A sliver (B) of 40 g/m was obtained by carding, gilling or striation process using cotton mixed with (weight)%.

These 5 slivers (A) and 3 slivers (B) were further mixed twice in the gill or filament process, and the resulting 40 g/m sliver was heated as shown in Table 2, and then tetramethylene sulfone was added. After soaking in a 20% acetone solution, it was squeezed with a rubber roller (impregnation rate 50%) and then run in a hot air dryer at 90°C to evaporate and remove the acetone.
The material was passed through a far-infrared dryer maintained at .degree. C. to evaporate and remove tetramethylene sulfone, and the acrylic synthetic fiber and polyester fiber were spot-bonded. Finally, a cylindrical ink storage body with a length of 100 I was obtained by passing a portion of the ink through the cutter.

In addition, this was fitted into the writing instrument body of the cylindrical part (inner diameter 16I), and the ink retention was tested using ink made of water-based pigment.

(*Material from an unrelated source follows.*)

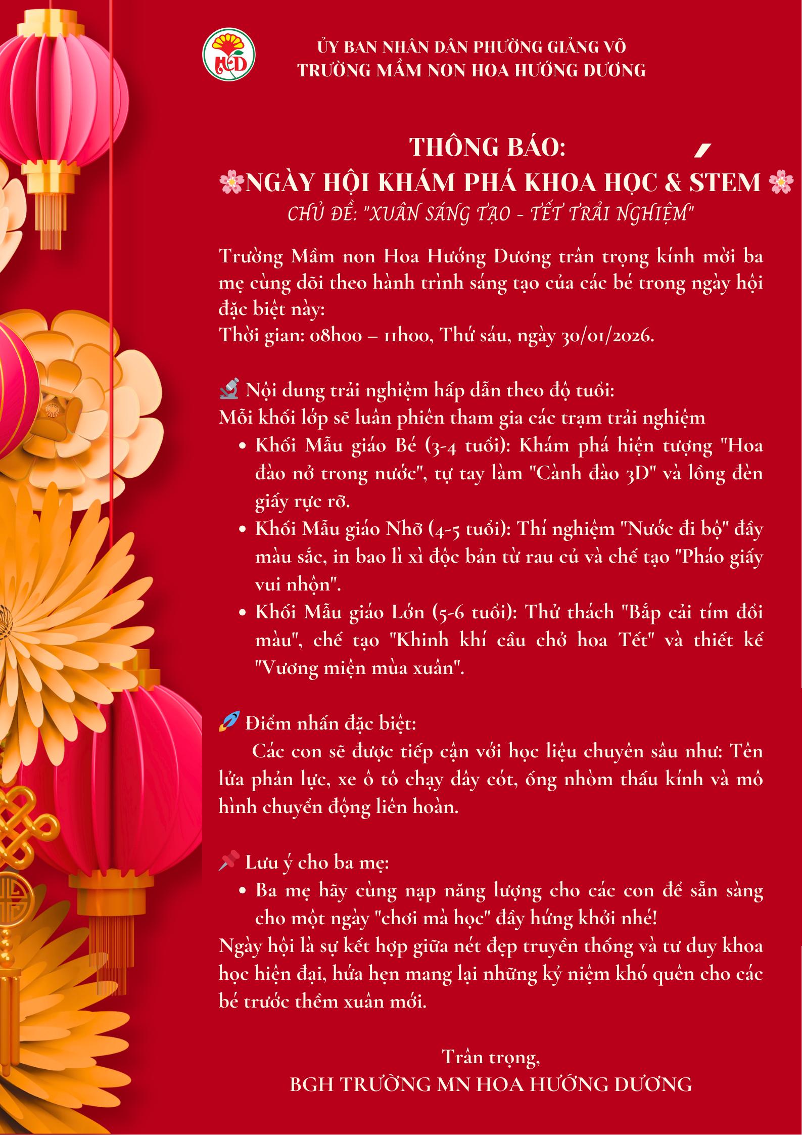 Trường mầm non Hoa Hướng Dương thông báo lịch nghỉ Tết Nguyên Đán 2026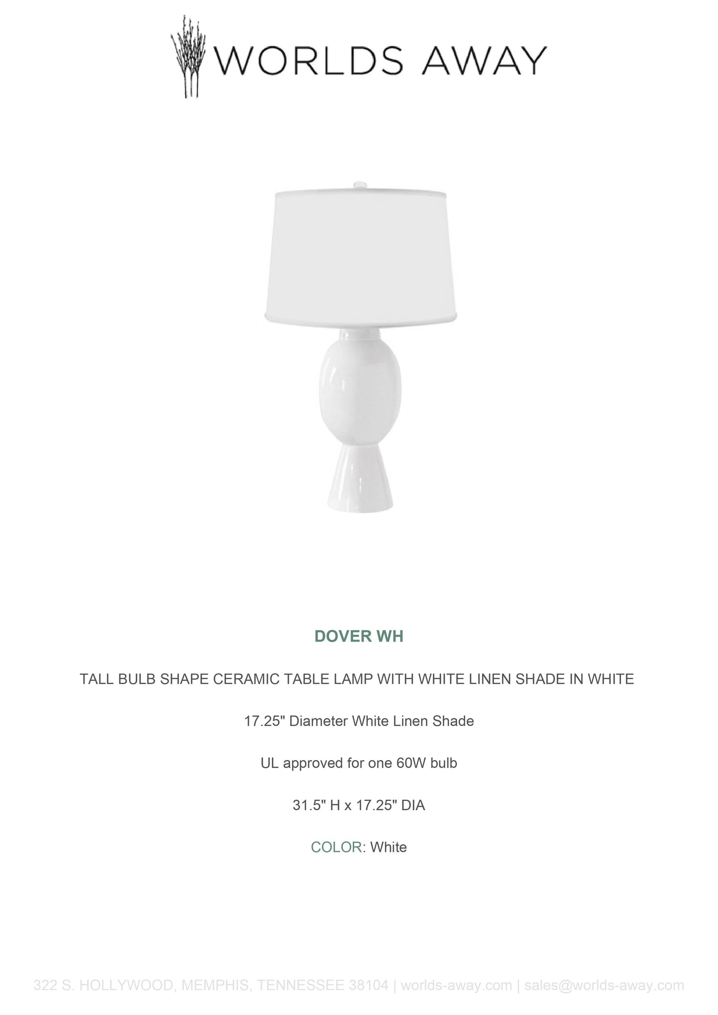 Illuminate your space with the Dover Lamp in White and White Linen from Worlds Away. The Dover Lamp features a tall bulb shape ceramic table lamp with white linen shade in White.

Table 2 shows the number of omissions (number of troubles occurring).

Table 2 11) A comparative example is shown.

Umbrella 2) Ink retention was measured in the same manner as in Table 1.

From the results in Table 2, it can be seen that the products subjected to appropriate heating according to the present invention do not cause sliver dropout, are easy to handle, and have excellent ink retention.

(Effects of the Invention) According to the present invention, it is possible to provide an ink storage body for a writing instrument that stably has excellent ink retention and ink utilization rate without causing troubles such as sliver dropout.

In addition, since the ink storage body of the present invention is point-bonded by expanding and melting the fibers themselves without using a thermosetting resin,
Unreacted residues such as curing agents and processing agents are not deposited within the fibers, and the fibers are bonded uniformly. Furthermore, liquid ink can be stably supplied without causing ink deterioration due to chemical reactions or inability to write due to ink clogging caused by non-uniform pores caused by non-uniform adhesion.

[Brief explanation of the drawing]

The drawing shows the state of the cross section of the fiber bundle, and (A)
(B) is the fiber bundle of Example 8 in which two types of fibers appear in a sea island shape;
) shows a fiber bundle of Example 3 in which two types of fibers are almost uniformly mixed, and (C) shows a fiber bundle of Example 4 in which two types of m-fibers are uniformly mixed.

Claims (2)

[Claims] (1) It consists of a fiber bundle in which acrylic synthetic fibers and hydrophobic fibers selected from the group consisting of polyester fibers and polypropylene fibers are mixed in a weight ratio of 20 to 70:80 to 30; The fibers are striated so as to appear in a sea-island shape in the cross section of the fiber bundle, and are point-joined by partial fusion of the acrylic synthetic fibers, and the fiber bundle has a thickness of 1 to 30T/ An ink storage body for a writing instrument, characterized in that it is heated at a rate of M. (2) Hydrophobic fibers selected from the group consisting of crimped acrylic fibers, crimped polyester fibers, and polypropylene fibers are mixed in a weight ratio of 20 to 70:80 to 30, and the above two types are mixed in a cross section. After aligning the fibers in the fiber axis direction so that the fibers appear in a sea-island shape, the resulting fiber bundle is heated at 1 to 30 T/M. An organic solvent capable of dissolving the acrylic fibers is applied to the obtained fiber bundle, and after drying. . A method for producing an ink storage body for a writing instrument, which comprises heat-treating at a temperature higher than the activation temperature of the organic solvent to partially fuse the fibers.